# The Jaunty Goat - Chester



## Dylan (Dec 5, 2011)

Have worked in Chester a couple of times over the past few months, the first time I couldn't find a good coffee place, I had to explain what a cortado was to the place I ended up going.

This time we came across this place, called the Jaunty Goat.










The Flat White I had in the morning was excellent, and I went back for lunch and had the soup of the day (sweet potato and butter nut squash.) and a Turkey and Brie sandwich which was all very nice, had a couple more flat whites which were also up to the standard of the first.

Not sure if there are any other worthwhile places in Chester, but this one is well worth a visit if you are there.


----------



## Phil104 (Apr 15, 2014)

Thanks for that - it's probably the best there is around the city centre.
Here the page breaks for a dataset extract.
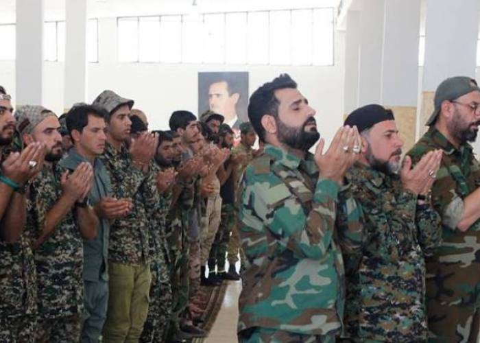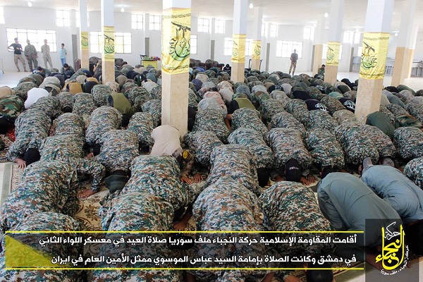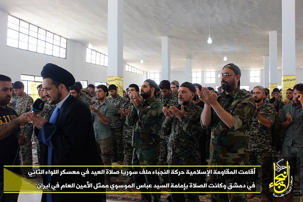 (Zaman Al Wasl) Al-Nujba'a militia, which is fighting alongside Bashar al-Assad, said it held Eid prayers at its headquarters, the Second Brigade Camp in Damascus.
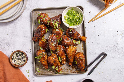 Add some heat to your plant-based meals with our Sweet + Spicy Gochujang Drumsticks, blending savory soy sauce with the bold kick of gochujang and a touch of sweetness. Easy to make and garnished with sesame seeds and green onion, these vegan drumsticks are a flavor-packed delight for any occasion!

It closed for a while earlier this year 'under mysterious circumstances' (landlord related) but then reopened close by. Just outside the centre - in Hoole - is the Little Yellow Pig and the couple running that care about the coffee that they produce.

http://coffeeforums.co.uk/showthread.php?25930-Chester-UK-The-Little-Yellow-Pig&highlight=Chester


----------



## thesmileyone (Sep 27, 2016)

Old thread - anyone got any more info on JC?

I stumbled upon their warehouse, presumably the roasting side of the business, today. Wondering if I can buy beans from there instead of having to go into town? Their website has a movie and that seems to be it.


----------